- THE PROBLEM:
Restate all of the entries exactly, dropping any pictures they hold.

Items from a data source
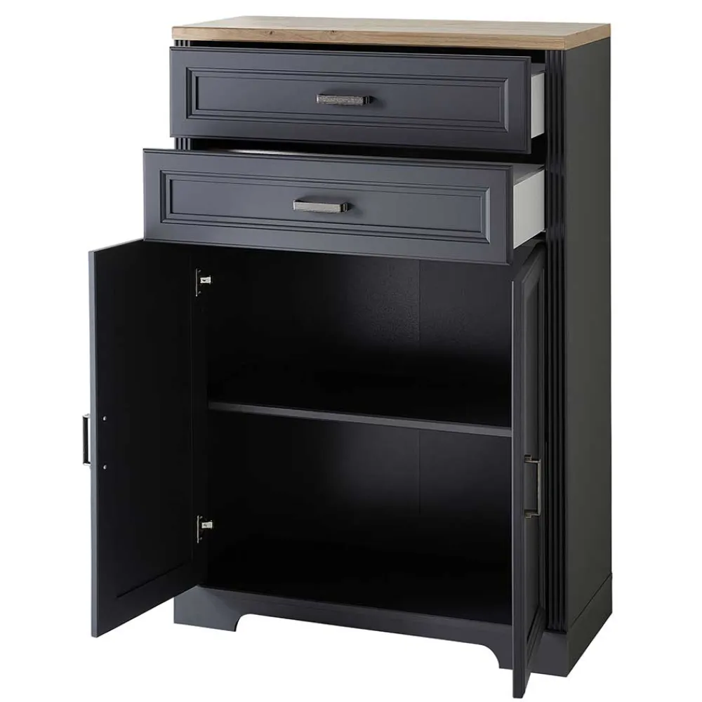 - Praktischer Aktenschrank in Dunkelgrau und Eichefarben
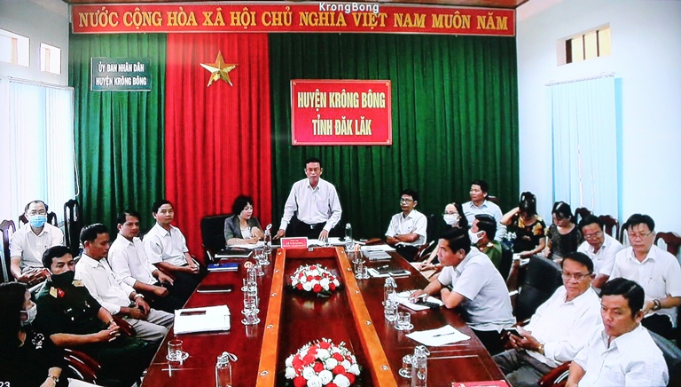 | Điểm cầu UBND huyện Krông Bông tham gia ý kiến |
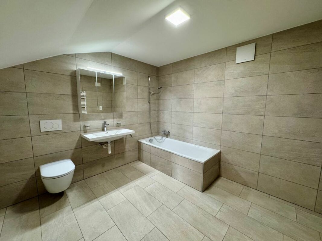 Salle de bain avec baignoire, équipée pour accueillir une colonne de lavage
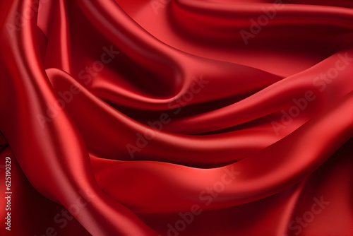 Red silky fabric close up. Fabric texture of natural silk or other textile material. Valentine day background. Generated ai
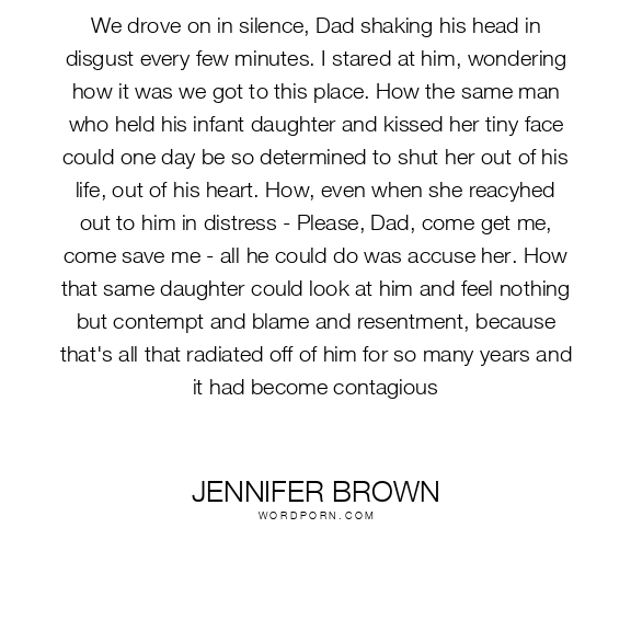 We drove on in silence, Dad shaking his head in disgust every few minutes. I stared at him, wondering how it was we got to this place. How the same man who held his infant daughter and kissed her tiny face could one day be so determined to shut her out of his life, out of his heart. How, even when she reacyhed out to him in distress - Please, Dad, come get me, come save me - all he could do was accuse her. How that same daughter could look at him and feel nothing but contempt and blame and resentment, because that's all that radiated off of him for so many years and it had become contagious

- ANSWER TO THE EXERCISE:
 - Praktischer Aktenschrank in Dunkelgrau und Eichefarben
 | Điểm cầu UBND huyện Krông Bông tham gia ý kiến |
 Salle de bain avec baignoire, équipée pour accueillir une colonne de lavage
 Red silky fabric close up. Fabric texture of natural silk or other textile material. Valentine day background. Generated ai
 We drove on in silence, Dad shaking his head in disgust every few minutes. I stared at him, wondering how it was we got to this place. How the same man who held his infant daughter and kissed her tiny face could one day be so determined to shut her out of his life, out of his heart. How, even when she reacyhed out to him in distress - Please, Dad, come get me, come save me - all he could do was accuse her. How that same daughter could look at him and feel nothing but contempt and blame and resentment, because that's all that radiated off of him for so many years and it had become contagious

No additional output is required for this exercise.